Regional tensions cause unprecedented fiscal crisis
The ongoing conflict in the Middle East has already inflicted a heavy human and economic toll. The Palestinian territories are nearing economic collapse, with their largest economic contraction on record. Gaza’s economy shrank by 86 percent in the first half of 2024 and the West Bank is facing its largest fiscal and private sector crisis.
In Lebanon, the outlook remains highly uncertain and will depend on the trajectory of the conflict. Meanwhile, other neighboring countries like Jordan and Egypt have faced significant declines in tourism receipts and fiscal revenues.
The World Bank estimates that GDP per capita in conflict-affected countries in the MENA region could have been on average 45 percent higher, measured seven years after the onset of conflict. Such a loss is equivalent to the average progress the region has made in the last 35 years.

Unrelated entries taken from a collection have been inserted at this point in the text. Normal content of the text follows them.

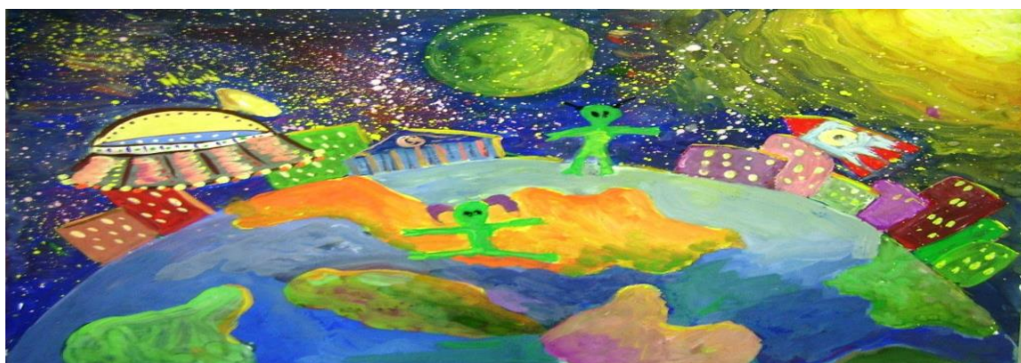
Рисунок 6 – Марс
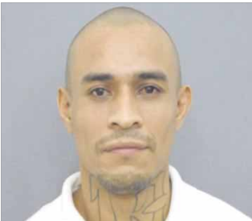
El reo recapturado se encuentra sentenciado a 16 años de prisión por violación equiparada.

Argenis G.V. conducía, el viernes una camioneta tipo Mitsubishi, color gris oscuro al momento en el que se estrelló en contra del taxi marcado con el número 1421, en donde además del operador de la unidad, viajaba una mujer y su hijo
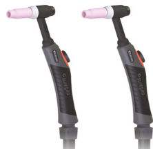
TIG torch 18W-4 cable 4m (1) TIG torch 18W-8 cable 8m (2) Torche TIG 18W-4 câble 4m (1) Torche TIG 18W-8 câble 8m (2) REF. CC107205 (1) REF. CC107206 (2)
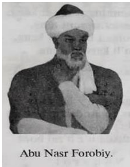
Abu Nasr Forobiy.

ahamiyatli ekan. Chunki, ruhi titik, barkamol kishi o'zida yaxshi insoniy fazilatlarini mujassam eta oladi.
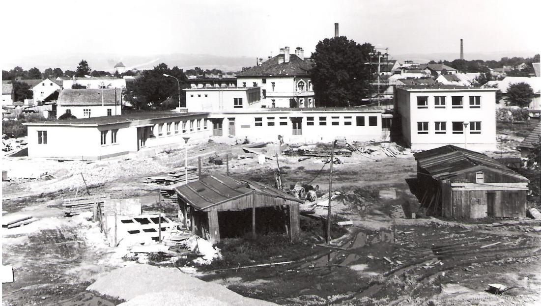
Obrázek 15 Školka a jesle na Plzeňské ulici
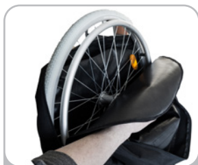
kod DW-11 pokrowiec na koła tyne
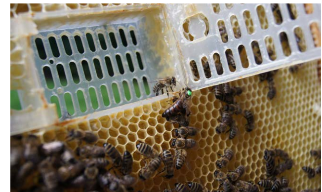
Zum Freilassen der Königin wird der Käfig geöffnet.
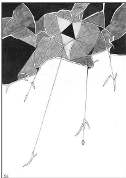
Andělská křídla XXVII, 2007, kvaš, tuš
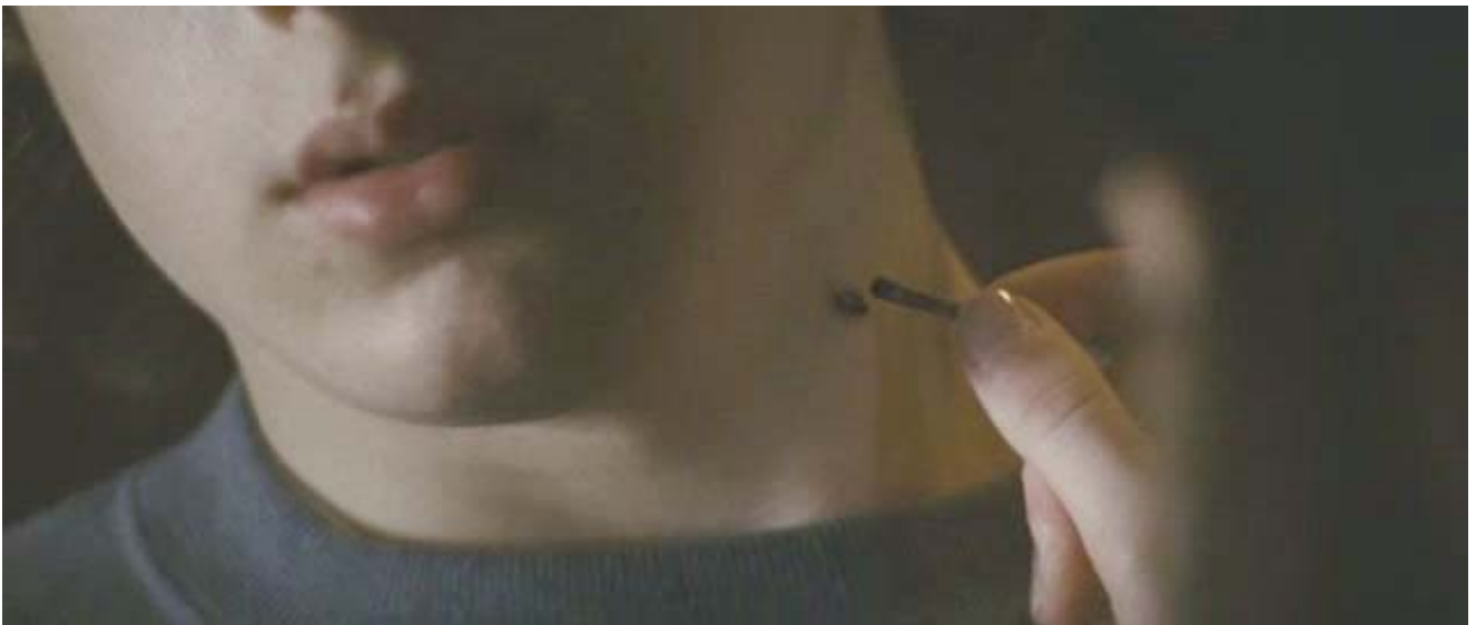
Prevención: extracción de la garrapata con unas pinzas puntiagudas, no usar otros procedimientos como un fosforo caliente.

Closing gender gap to increase per capita income by 51 percent
The World Bank’s report also delves into the areas the MENA region must focus on to rapidly advance inclusive GDP growth. This includes rebalancing the footprint of the public and the private sectors, better allocating talent in the labor market, closing the gender gap, and promoting innovation.
Despite the significant gains in levels of education over the last 50 years, the rate of female labor force participation in the MENA region stands at 19 percent, the lowest in the world. Therefore, closing gender employment gaps would result in a remarkable 51 percent increase in per capita income in the typical MENA country.

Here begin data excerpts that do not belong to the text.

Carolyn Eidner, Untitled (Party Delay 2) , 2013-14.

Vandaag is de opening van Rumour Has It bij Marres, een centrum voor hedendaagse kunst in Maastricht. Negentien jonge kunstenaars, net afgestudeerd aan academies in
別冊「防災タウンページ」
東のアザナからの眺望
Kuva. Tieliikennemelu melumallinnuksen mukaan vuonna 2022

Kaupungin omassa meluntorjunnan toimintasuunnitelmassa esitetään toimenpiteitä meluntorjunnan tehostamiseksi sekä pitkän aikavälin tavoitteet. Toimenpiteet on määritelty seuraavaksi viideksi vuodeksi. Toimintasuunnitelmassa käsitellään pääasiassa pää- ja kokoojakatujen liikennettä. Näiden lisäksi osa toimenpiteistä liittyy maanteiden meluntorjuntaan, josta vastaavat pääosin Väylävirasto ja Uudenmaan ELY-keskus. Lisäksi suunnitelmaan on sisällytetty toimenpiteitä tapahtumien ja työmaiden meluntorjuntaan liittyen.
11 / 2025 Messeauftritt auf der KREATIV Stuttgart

“For example, the region has the largest share of public sector employees in the world, particularly women. But unfortunately, in MENA, a larger public sector does not necessarily correspond to better public goods and services. Mobilizing talent toward the private sector would improve the allocation of resources, with aggregate productivity gains up to 45 percent,” stated Roberta Gatti, World Bank Chief Economist for the MENA.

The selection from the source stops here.